The Turkish Grand National Assembly (TBMM) will pause its summer recess for a special guest: Palestinian Authority President Mahmoud Abbas. Abbas is set to address a special session of the parliament on Thursday amid Israel’s ongoing attacks on Palestinians.
The Palestinian leader is expected to travel to Türkiye after a visit to Russia this week. President Recep Tayyip Erdoğan, who criticized Abbas for delaying his expected address, will be in the audience listening to Abbas. Palestinians injured in Israel’s attacks in Gaza and evacuated to Türkiye for treatment are also invited to the parliament for the session.
Parliamentary Speaker Numan Kurtulmuş, who formally extended an invitation to Abbas earlier, will chair the session where the Palestinian leader will appear. His speech is deemed important and experts say it can be a response to a notorious speech by Israeli Prime Minister Benjamin Netanyahu last month at U.S. Congress, where he received a lengthy standing ovation while justifying his government’s war crimes against Palestinians.
Media outlets reported that high-security measures would be in place at the parliament for the occasion. Abbas rarely travels outside Ramallah, where the Palestinian Authority is located, though the flareup of the Palestine-Israel conflict spurred renewed diplomacy to resolve longstanding issues, as well as maintaining ultimate unity between rival Fatah and Hamas factions. 88-year-old Abbas has reportedly postponed his visit to Türkiye due to health reasons. He last visited Türkiye for a three-day visit in March and met President Erdoğan. Erdoğan also brought together Abbas and Ismail Haniyeh, the political bureau chief of the Palestinian resistance movement Hamas, who was assassinated in Tehran recently, as a step toward reconciliation between Abbas’ Fatah and Hamas, which faces a brutal crackdown in Gaza.
Abbas is expected to deliver a speech focusing on Israel’s attacks in Gaza while it is unclear whether he will delve into other topics, such as reconciliation with Hamas, especially after a landmark meeting mediated by China between factions. His speech will be preceded by an opening address by Kurtulmuş.
The parliament invited representatives of political parties, ambassadors and journalists to the session. It will also hold an exhibition on the sidelines of the session that will focus on Haniyeh, including photos of the late leader’s visits to Türkiye, as well as documents from Ottoman archives about Palestine and parliament’s past joint declarations about Palestine.

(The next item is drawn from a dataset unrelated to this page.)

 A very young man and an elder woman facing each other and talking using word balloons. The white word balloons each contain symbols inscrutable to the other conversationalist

The ruling Justice and Development Party (AK Party), which holds a majority in the Parliament, is a major supporter of the Palestinian cause and often calls for a two-state solution to the conflict based on a free State of Palestine. The Turkish opposition also endorses Palestine against Israel, though the main opposition, the Republican People’s Party (CHP), equally blames Hamas for the conflict, a rhetoric copied from the Western countries supporting Israel.

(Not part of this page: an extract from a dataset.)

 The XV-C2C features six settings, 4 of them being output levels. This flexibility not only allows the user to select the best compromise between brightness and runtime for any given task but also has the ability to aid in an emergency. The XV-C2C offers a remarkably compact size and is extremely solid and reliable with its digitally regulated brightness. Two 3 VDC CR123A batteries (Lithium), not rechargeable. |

Ankara has been fiercely critical of Israel’s offensive in Gaza, which it says amounts to genocide, and has halted all bilateral trade. It has also slammed many Western allies for their support of Israel and repeatedly called for Muslim unity to facilitate a desperately needed cease-fire.
Last week, Erdoğan on Monday called attention to mounting problems and pressure in the international system, especially amid Israel's ongoing attacks on Gaza. "World politics is navigating one of its sharpest turns. There is a serious power vacuum in the international system and we are facing a loss of morality and conscience," Erdoğan said in a speech in Ankara."With the Gaza crisis, the global system has become bankrupt," said Erdoğan. "Words are no longer enough to describe the genocide that the Palestinian people are subjected to in Gaza," he added.
Erdoğan said unbearable images of the "genocide" have been emerging daily from Gaza, which has been under Israeli attack for nearly 10 months, claiming the lives of almost 40,000 "innocent" people, including more than 16,000 children. "Israel does not only kill Gazans with bombs and bullets. It also kills them by leaving them hungry, thirsty and without food," he added. "A rogue state, which has become increasingly cruel, spoiled and depraved, has displayed all manners of barbarism for 300 days against 2.3 million people, squeezed into a palm-sized piece of land," Erdoğan said.
He added that in the face of oppression in Gaza, "which should normally awaken humanity, the U.N. Security Council remains silent."
Likening Israeli Prime Minister Benjamin Netanyahu to Adolf Hitler, Erdoğan said those who "applaud" his lies will "never be able to wash off dark stains on their hands for the rest of their lives." The perpetrators of genocide "should not be at podiums of legislative chambers" but in courtrooms where they will account for their crimes, he added.